The evaluation value of each stage needs to consider the number of clues found in the stage, the hazard level of the clues found in the stage, and the evaluation value range is [ o,100 ];
s42: setting weights WA, WB, WC and WD occupied by the segmented evaluation function in the information stealing event; wherein the weight setting of the segment evaluation is obtained according to historical data analysis, and adjustment is allowed according to data in an application scene;
in this embodiment, it can be known through analysis of historical data and cases in an intranet that influence weights of threads appearing in four stages on information theft case occurrence risks are 1:3:4:12, and then WA is set to be 5%, WB is set to be 15%, WC is 20%, WD is set to be 60%, and in an actual implementation process, the weights of the parts are allowed to be adjusted according to data in an application scene;
s43: establishing and evaluating function FA (L)i),FB(Li),FC(Li),FD(Li) And the information stealing comprehensive evaluation function P (L) related to the weights WA, WB, WC and WDi) The extracted information stealing clues are subjected to clue evaluation and evaluation values are calculated, wherein,
wherein
As an adjusting function, evaluating the coverage of the cable to the stages, and performing forward adjustment on the cable chain covered to all the stages;
CoverAll(Li) Represents LiWhether the clue in (1) covers all stages is set as {0, 1 }.

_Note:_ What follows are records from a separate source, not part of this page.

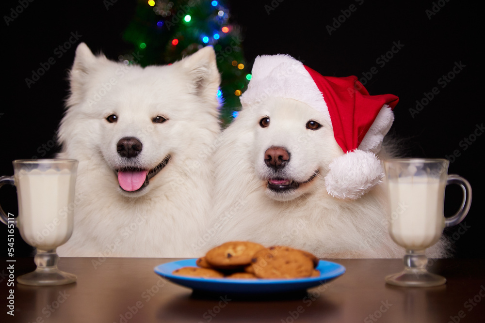 Fototapeta Two adorable dogs in a red Santa Claus hat are sitting at a table against the background of a Christmas tree with milk and delicious cookies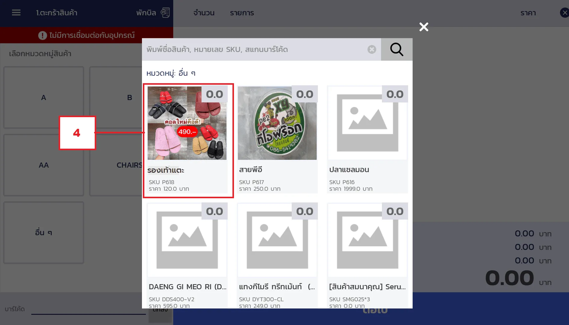 ร้านค้าสามารถใช้งานระบบ ZORT POS ผ่าน Tablet โดยเริ่มขายสินค้า ที่ Application ZORT POS ซึ่งมีขั้นตอนการขายสินค้าดังต่อไปนี้
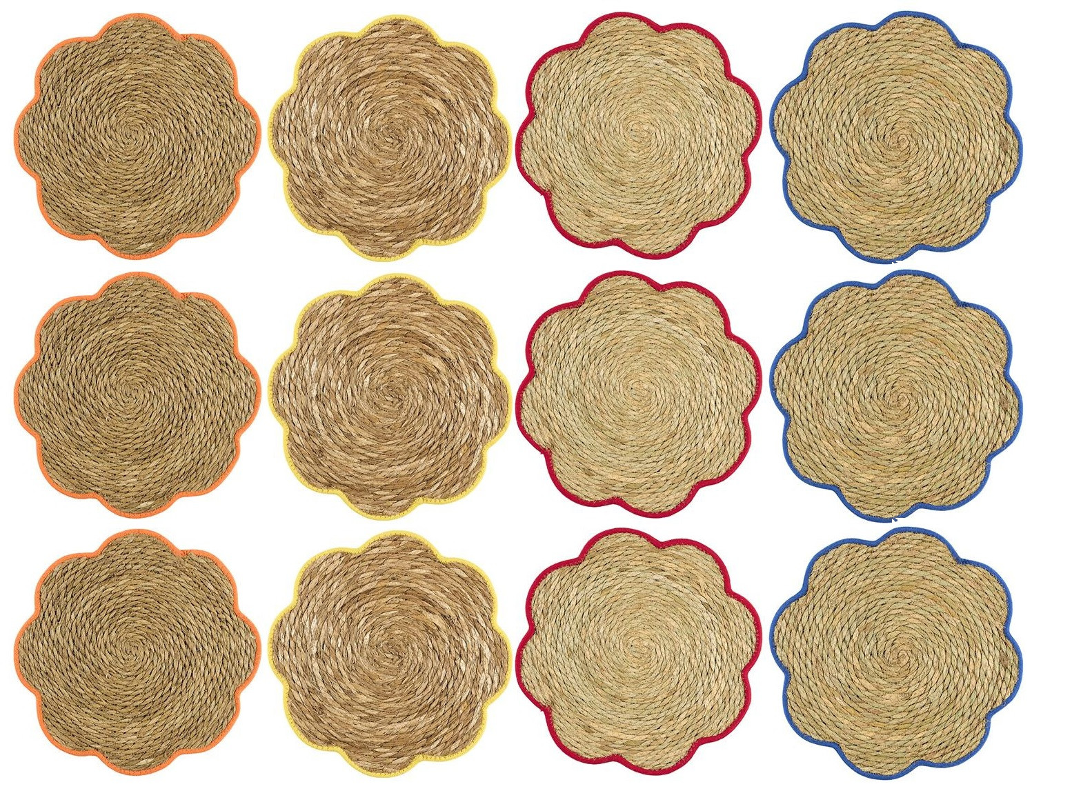 Lot de 12 sets de table décoratifs en forme de fleur.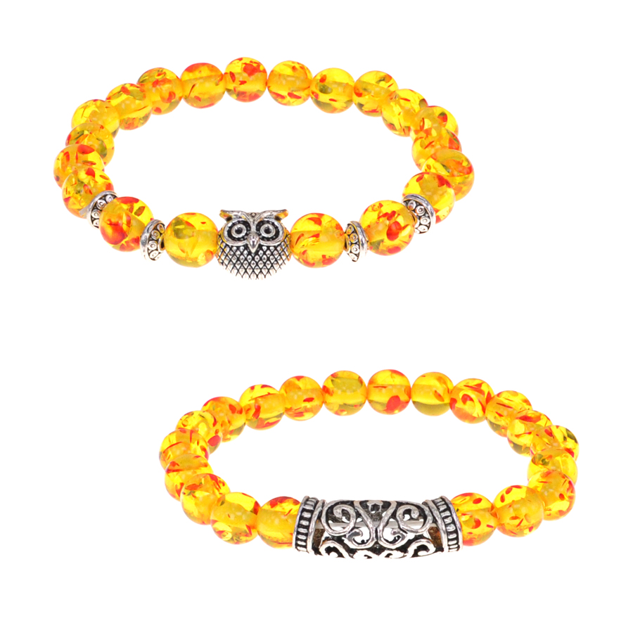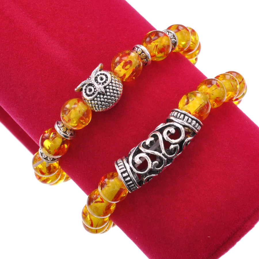 BJBS-424 Парные браслеты Сова, янтарь, 8мм 2 фото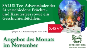 Lassen Sie sich durch die Vorweihnachtszeit begleiten von unserem SALUS Tee-Adventskalender mit verschiedenen Früchte- und Kräuterteemischungen. Bei uns für 5,45 €.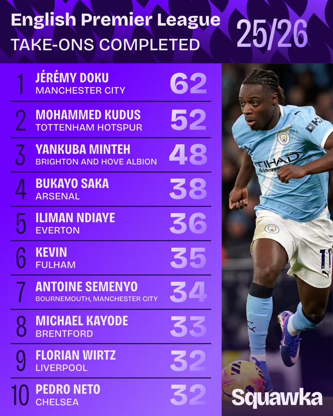 虎扑01月28日讯数据机构Squawka公布了2025-26赛季英超联赛至今的成功过人次数排行榜,曼城边锋杰里米·多库以62次成功过人高居榜首,成为本赛季英超最具冲击力的突破手。

And (4) exciting the log clues conforming to the whole process risk through the adjusting function, thereby achieving the purpose of carrying out accuracy adjustment according to specific data and services.
The method further comprises the following steps:
s5: performing service-related operation on the information stealing clues, wherein the operation comprises sorting according to the magnitude of the evaluation value, extracting and alarming the cable chain with higher evaluation risk value;
for example, if the risk assessment value is higher than 60, it indicates that at least one behavior masking D clue is found, and the occurrence of the clue at this stage indicates that there is a behavior of deleting the audit log or operation trace, the corresponding event and the related personnel should be further investigated, so that the line with a high assessment value generates an alarm to remind the service personnel to further check and handle the event.
The accuracy of the clues grabbed by the sectional evaluation of the stealing clues is greatly improved, the number of the false alarms is effectively reduced, and the proportion of the false alarms is reduced. The model is established and a segmented evaluation method is introduced, so that index quantification can be performed on information stealing analysis behaviors through logs, and quantification indexes and algorithm support are provided for subsequent big data mining and artificial intelligence analysis.
The terms "first," "second," "third," "fourth," and the like in the description and in the claims, as well as in the drawings, if any, are used for distinguishing between similar elements and not necessarily for describing a particular sequential or chronological order. It is to be understood that the data so used is interchangeable under appropriate circumstances such that the embodiments of the invention described herein are capable of operation in sequences other than those illustrated or described herein. Furthermore, the terms "comprising" and "having," as well as any variations thereof, are intended to cover non-exclusive inclusions.
The previous description of the disclosed embodiments is provided to enable any person skilled in the art to make or use the present invention. Various modifications to these embodiments will be readily apparent to those skilled in the art, and the generic principles defined herein may be applied to other embodiments without departing from the spirit or scope of the invention. Thus, the present invention is not intended to be limited to the embodiments shown herein but is to be accorded the widest scope consistent with the principles and novel features disclosed herein.